--- How to complete this task ---
Please write out exactly the lines of the data below from the line holding "依托徐州和学校丰富的红色资源" through the line holding "法式中古挂画_装饰画_组合3D模型3d模型下载", and leave out the rest.

--- Provided data ---
____
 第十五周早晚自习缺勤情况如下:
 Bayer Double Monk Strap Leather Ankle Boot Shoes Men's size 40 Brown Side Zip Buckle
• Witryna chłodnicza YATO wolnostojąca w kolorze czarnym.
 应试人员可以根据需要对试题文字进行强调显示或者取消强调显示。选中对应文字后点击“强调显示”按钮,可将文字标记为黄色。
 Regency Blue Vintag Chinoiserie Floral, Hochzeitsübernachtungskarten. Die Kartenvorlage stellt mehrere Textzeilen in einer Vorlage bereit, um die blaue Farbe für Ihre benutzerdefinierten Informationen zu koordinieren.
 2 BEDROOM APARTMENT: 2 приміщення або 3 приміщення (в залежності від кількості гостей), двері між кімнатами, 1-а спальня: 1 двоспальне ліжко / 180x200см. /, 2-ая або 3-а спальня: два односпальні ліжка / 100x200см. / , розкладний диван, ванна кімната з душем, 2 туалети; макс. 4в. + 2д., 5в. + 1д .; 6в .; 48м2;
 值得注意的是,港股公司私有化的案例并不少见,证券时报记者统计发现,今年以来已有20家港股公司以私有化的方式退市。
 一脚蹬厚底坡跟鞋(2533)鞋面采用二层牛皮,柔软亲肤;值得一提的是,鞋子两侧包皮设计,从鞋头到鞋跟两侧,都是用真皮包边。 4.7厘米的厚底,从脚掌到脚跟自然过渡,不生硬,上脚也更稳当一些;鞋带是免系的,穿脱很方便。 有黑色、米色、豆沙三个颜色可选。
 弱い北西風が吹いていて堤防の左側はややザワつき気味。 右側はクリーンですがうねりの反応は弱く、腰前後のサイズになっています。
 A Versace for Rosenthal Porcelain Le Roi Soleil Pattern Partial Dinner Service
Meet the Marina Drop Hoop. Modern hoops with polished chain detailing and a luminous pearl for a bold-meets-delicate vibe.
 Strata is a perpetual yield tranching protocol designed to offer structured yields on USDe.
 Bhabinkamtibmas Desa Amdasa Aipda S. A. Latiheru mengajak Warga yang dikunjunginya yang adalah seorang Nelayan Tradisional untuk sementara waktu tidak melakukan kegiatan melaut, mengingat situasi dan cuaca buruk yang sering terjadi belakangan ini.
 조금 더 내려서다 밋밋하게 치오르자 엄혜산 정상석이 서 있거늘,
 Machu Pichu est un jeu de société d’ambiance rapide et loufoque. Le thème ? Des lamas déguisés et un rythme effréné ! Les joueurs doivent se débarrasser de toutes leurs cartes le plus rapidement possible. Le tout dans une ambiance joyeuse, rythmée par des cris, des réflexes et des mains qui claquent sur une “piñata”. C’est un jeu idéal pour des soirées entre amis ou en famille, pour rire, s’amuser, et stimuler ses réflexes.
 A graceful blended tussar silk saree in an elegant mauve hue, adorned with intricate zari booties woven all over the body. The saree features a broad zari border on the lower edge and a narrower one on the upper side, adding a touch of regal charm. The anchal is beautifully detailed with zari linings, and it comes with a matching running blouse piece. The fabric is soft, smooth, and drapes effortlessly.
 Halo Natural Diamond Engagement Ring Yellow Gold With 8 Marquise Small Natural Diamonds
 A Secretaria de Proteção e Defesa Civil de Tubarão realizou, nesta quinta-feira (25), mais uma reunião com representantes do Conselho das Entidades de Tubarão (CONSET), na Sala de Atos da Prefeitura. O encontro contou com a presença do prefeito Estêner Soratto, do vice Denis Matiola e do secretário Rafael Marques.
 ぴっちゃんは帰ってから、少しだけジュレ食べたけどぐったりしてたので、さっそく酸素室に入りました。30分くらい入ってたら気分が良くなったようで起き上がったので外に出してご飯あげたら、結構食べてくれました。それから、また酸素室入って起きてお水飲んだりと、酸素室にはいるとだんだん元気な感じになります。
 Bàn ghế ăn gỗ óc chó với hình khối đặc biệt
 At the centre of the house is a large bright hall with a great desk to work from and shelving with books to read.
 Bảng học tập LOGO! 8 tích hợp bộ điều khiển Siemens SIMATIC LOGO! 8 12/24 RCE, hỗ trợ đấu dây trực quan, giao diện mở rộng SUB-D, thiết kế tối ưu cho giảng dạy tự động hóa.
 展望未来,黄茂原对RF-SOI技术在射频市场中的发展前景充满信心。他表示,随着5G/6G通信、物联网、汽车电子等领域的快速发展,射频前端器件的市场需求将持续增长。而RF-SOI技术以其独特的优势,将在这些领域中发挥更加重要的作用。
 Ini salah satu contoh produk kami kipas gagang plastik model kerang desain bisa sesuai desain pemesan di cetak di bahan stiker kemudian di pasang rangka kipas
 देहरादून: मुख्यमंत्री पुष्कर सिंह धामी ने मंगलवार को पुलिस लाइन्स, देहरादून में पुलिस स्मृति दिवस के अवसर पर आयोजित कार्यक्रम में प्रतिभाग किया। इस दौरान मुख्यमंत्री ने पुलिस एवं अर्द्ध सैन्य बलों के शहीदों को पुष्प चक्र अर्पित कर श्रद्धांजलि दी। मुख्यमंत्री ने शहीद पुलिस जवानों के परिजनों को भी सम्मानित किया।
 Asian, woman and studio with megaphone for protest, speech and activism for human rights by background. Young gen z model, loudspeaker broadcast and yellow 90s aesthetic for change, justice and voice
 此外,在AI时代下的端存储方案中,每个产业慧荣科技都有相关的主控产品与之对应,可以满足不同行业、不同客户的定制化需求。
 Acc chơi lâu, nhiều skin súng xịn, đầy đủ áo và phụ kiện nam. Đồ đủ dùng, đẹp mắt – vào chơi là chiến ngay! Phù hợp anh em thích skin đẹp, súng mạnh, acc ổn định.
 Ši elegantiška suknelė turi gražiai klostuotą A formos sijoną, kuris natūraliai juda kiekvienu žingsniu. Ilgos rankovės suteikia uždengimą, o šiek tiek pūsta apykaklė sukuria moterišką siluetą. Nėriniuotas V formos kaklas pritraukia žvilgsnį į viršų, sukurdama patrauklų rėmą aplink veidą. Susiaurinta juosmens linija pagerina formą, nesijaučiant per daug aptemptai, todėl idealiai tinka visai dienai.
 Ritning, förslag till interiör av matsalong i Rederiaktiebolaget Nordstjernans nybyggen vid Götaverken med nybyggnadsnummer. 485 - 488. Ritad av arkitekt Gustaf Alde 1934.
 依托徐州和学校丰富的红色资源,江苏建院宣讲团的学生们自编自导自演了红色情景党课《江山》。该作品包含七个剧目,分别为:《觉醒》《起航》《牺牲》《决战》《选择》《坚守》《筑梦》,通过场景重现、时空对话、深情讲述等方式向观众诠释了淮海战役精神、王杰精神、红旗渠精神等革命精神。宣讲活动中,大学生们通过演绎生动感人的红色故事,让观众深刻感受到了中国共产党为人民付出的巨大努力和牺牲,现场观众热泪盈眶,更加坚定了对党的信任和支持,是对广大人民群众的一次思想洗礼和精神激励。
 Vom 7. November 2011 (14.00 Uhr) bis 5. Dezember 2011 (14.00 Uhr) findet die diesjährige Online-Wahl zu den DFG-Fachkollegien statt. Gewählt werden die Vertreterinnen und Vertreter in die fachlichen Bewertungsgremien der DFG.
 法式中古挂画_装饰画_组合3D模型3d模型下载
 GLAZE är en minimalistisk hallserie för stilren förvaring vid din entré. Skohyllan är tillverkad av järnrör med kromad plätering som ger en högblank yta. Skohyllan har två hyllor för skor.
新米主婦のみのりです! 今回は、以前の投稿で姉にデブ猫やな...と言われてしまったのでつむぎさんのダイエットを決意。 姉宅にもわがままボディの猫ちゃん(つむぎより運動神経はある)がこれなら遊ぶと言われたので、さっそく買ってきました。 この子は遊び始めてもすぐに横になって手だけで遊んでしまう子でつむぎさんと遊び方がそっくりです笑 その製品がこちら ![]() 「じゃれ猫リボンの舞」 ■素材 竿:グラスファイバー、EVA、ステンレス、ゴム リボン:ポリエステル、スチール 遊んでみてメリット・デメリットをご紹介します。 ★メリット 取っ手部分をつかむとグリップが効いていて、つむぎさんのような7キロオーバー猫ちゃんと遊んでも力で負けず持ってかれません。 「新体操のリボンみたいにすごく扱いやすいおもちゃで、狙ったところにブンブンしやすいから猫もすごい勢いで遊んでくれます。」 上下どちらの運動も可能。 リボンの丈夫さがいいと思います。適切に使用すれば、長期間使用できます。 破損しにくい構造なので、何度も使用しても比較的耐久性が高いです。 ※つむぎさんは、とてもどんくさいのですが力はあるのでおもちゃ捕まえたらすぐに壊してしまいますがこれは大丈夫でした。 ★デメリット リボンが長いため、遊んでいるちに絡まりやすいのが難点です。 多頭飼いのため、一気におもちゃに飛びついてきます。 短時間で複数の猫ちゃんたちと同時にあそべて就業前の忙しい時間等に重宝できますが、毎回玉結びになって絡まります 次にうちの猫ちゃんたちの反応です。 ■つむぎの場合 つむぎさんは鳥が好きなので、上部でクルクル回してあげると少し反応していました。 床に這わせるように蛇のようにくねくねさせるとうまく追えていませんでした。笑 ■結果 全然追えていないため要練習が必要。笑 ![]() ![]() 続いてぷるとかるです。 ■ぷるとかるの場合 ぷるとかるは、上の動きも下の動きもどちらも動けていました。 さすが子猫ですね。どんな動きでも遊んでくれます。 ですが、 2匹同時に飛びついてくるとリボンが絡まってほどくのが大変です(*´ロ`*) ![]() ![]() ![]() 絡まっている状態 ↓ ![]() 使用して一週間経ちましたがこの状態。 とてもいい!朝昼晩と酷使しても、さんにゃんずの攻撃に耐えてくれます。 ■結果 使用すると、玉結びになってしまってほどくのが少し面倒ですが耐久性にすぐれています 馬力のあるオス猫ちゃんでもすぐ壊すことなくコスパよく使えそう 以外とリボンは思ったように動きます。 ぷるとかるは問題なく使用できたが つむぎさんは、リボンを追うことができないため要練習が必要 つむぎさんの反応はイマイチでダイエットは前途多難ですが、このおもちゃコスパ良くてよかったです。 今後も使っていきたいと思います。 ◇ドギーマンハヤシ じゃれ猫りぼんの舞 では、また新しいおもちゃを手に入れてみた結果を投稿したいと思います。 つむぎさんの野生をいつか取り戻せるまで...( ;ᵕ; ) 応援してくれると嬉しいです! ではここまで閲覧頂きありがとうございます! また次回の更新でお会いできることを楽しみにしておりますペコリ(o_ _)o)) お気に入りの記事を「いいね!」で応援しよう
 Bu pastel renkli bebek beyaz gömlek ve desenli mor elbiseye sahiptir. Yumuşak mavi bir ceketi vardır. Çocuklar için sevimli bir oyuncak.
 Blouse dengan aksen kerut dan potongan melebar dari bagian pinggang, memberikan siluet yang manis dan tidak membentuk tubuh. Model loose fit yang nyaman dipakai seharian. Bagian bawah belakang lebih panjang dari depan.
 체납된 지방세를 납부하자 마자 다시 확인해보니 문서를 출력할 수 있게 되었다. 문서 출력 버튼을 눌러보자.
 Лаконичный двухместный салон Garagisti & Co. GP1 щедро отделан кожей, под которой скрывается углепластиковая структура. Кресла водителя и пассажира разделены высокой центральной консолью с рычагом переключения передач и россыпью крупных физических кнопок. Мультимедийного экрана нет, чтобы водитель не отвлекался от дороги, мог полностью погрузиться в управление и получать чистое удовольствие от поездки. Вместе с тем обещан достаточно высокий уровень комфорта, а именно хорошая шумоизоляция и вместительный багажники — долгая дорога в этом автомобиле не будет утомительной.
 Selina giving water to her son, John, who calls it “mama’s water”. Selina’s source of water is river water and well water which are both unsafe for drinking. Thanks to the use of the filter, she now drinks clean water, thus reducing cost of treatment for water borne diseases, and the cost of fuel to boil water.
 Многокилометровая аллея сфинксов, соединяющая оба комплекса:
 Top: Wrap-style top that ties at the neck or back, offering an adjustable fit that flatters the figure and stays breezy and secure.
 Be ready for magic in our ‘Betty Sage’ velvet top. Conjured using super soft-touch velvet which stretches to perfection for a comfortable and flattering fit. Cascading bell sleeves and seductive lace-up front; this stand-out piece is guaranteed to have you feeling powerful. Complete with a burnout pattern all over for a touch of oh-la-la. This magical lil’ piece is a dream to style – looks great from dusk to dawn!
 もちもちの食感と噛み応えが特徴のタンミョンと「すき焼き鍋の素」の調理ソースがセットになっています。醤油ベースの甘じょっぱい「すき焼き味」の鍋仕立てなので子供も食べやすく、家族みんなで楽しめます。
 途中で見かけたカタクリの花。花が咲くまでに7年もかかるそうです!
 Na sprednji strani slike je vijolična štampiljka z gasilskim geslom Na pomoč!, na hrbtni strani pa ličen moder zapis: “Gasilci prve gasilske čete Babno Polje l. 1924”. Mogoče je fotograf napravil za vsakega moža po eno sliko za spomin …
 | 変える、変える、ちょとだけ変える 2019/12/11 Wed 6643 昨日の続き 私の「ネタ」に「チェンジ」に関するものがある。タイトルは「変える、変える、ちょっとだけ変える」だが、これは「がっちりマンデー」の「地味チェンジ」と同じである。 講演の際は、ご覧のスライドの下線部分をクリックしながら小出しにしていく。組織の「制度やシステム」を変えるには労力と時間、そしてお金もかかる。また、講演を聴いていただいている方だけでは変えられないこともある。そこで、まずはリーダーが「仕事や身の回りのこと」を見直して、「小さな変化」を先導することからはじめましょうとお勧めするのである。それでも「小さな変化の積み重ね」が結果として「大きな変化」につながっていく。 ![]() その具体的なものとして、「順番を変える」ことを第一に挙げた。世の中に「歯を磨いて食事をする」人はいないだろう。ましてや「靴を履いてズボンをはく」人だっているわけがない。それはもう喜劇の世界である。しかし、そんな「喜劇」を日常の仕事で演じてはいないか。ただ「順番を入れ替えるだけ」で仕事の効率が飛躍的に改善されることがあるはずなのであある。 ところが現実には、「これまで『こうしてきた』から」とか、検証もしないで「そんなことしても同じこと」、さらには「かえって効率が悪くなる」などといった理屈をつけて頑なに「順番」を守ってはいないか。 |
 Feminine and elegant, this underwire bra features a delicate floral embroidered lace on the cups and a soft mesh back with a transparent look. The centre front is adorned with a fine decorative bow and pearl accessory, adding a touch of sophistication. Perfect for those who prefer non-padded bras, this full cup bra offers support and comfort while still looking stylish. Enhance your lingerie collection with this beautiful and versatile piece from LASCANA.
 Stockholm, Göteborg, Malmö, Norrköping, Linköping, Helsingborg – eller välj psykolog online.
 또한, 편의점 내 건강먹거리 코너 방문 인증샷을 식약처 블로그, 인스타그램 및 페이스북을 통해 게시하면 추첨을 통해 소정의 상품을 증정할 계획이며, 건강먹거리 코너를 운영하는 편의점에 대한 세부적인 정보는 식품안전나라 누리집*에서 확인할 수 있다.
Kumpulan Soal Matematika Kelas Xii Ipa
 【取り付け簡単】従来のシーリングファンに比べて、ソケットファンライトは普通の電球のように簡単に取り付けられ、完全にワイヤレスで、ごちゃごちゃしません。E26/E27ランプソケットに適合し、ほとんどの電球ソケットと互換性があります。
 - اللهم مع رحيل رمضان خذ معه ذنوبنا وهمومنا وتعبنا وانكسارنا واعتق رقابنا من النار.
____
--- The answer ---
 依托徐州和学校丰富的红色资源,江苏建院宣讲团的学生们自编自导自演了红色情景党课《江山》。该作品包含七个剧目,分别为:《觉醒》《起航》《牺牲》《决战》《选择》《坚守》《筑梦》,通过场景重现、时空对话、深情讲述等方式向观众诠释了淮海战役精神、王杰精神、红旗渠精神等革命精神。宣讲活动中,大学生们通过演绎生动感人的红色故事,让观众深刻感受到了中国共产党为人民付出的巨大努力和牺牲,现场观众热泪盈眶,更加坚定了对党的信任和支持,是对广大人民群众的一次思想洗礼和精神激励。
 Vom 7. November 2011 (14.00 Uhr) bis 5. Dezember 2011 (14.00 Uhr) findet die diesjährige Online-Wahl zu den DFG-Fachkollegien statt. Gewählt werden die Vertreterinnen und Vertreter in die fachlichen Bewertungsgremien der DFG.
 法式中古挂画_装饰画_组合3D模型3d模型下载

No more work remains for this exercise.